Problem. Among the entries that follow, the required portion opens with the line containing "[충청뉴스큐] 서천군보건소가 지난" and closes with the line containing "We were blessed". Give that portion again exactly, and nothing else.

Data.
>>>
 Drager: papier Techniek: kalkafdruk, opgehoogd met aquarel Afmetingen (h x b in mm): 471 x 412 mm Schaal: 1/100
<<<
>>>
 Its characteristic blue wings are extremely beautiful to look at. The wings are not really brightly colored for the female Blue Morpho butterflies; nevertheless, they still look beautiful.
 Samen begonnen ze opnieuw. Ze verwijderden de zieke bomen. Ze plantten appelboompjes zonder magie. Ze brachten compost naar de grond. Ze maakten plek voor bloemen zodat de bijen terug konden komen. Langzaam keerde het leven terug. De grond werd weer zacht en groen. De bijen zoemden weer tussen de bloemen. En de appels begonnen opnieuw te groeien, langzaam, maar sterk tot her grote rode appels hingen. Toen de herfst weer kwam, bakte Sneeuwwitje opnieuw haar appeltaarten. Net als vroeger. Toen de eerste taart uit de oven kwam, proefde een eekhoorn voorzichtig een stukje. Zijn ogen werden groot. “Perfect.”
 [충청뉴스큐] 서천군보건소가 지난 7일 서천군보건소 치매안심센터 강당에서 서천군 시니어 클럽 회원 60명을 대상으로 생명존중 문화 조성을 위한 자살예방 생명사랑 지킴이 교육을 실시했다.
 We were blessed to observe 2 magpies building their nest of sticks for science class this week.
<<<
>>>
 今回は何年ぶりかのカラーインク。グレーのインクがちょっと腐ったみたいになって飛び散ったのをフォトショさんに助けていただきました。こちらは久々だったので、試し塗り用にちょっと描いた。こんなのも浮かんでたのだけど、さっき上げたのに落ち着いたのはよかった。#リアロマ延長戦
<<<
Solution.
 [충청뉴스큐] 서천군보건소가 지난 7일 서천군보건소 치매안심센터 강당에서 서천군 시니어 클럽 회원 60명을 대상으로 생명존중 문화 조성을 위한 자살예방 생명사랑 지킴이 교육을 실시했다.
 We were blessed to observe 2 magpies building their nest of sticks for science class this week.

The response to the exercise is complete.